==== DATA SUPPLIED

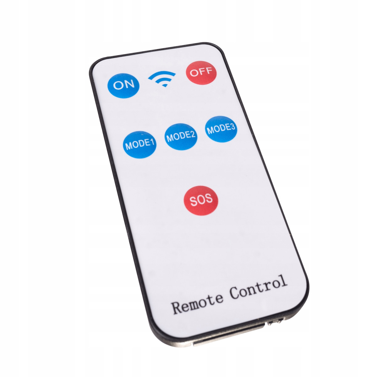 - PILOT + 4 TRYBY PRACY – wygodne sterowanie lampą odbywa się przy pomocy pilota. Posiada on przyciski Off i On oraz 3 tryby przełączania. ON- Włącz - OFF - Wyłącz MODE 1 - Tryb 1: Po wykryciu ruchu, lampa świeci 100% mocy maksymalnej przez 30 sekund. MODE 2 - Tryb 2: Po wykryciu ruchu, lampa świeci 30% mocy maksymalnej przez 30 sekund. MODE 3 - Tryb 3: Po wykryciu ruchu, lampa świeci 50% mocy maksymalnej przez 30 sekund. SOS - przycisk SOS wyłącza czujnik ruchu i czujnik zmierzchu , lampa świeci na stałe do rozładowania akumulatora na ok 50- 70% mocy.
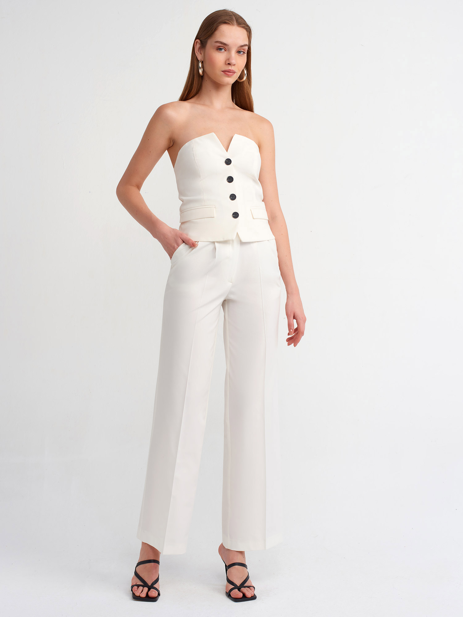 71283 Ayarlanabilir Belli Şık Pantolon-Beyaz
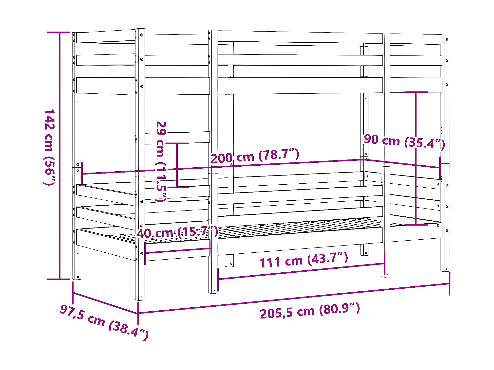 Lit superposé Blanc 90x200 cm Bois de pin massif
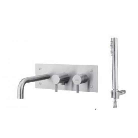 RVS bad en handdouche set. Complete set met RVS thermostaat douchekraan, RVS handdouche met RVS douchekop
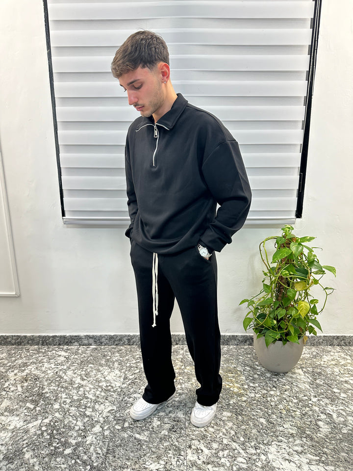 Coordinato in cotone composto da felpa con mezza zip e pantalone con fondo ampio. Il modello è alto 170 x 70 kg e indossa S.
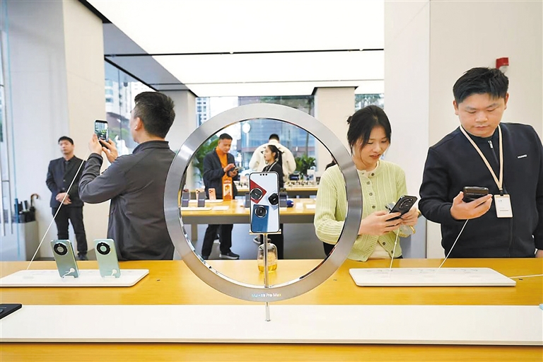 深圳新闻网2026年2月6日讯(深圳报业集团记者 王新根)2月5日,深圳卓越中心华为智能生活馆内人头攒动。一位女士拿着Mate 80标准版玩起了自拍:“这个颜值在我心尖上了,价格比上代还便宜了800块。要过年了,奖励自己一部新手机。”这样的场景,正在全国各城市的华为门店上演。
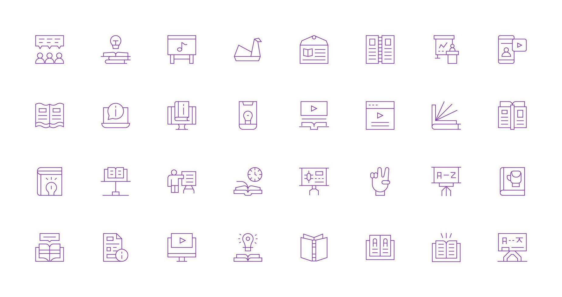 32 Delgado línea estilo íconos desde tutorial colección icono conjunto para web vector

========

→ EXERCISE AIM
Quote verbatim the final run of lines in the material above, from the line that contains "Coordinato in cotone" through the very last line, excluding any pictures.

→ EXERCISE RESULT
 Coordinato in cotone composto da felpa con mezza zip e pantalone con fondo ampio. Il modello è alto 170 x 70 kg e indossa S.
 深圳新闻网2026年2月6日讯(深圳报业集团记者 王新根)2月5日,深圳卓越中心华为智能生活馆内人头攒动。一位女士拿着Mate 80标准版玩起了自拍:“这个颜值在我心尖上了,价格比上代还便宜了800块。要过年了,奖励自己一部新手机。”这样的场景,正在全国各城市的华为门店上演。
 32 Delgado línea estilo íconos desde tutorial colección icono conjunto para web vector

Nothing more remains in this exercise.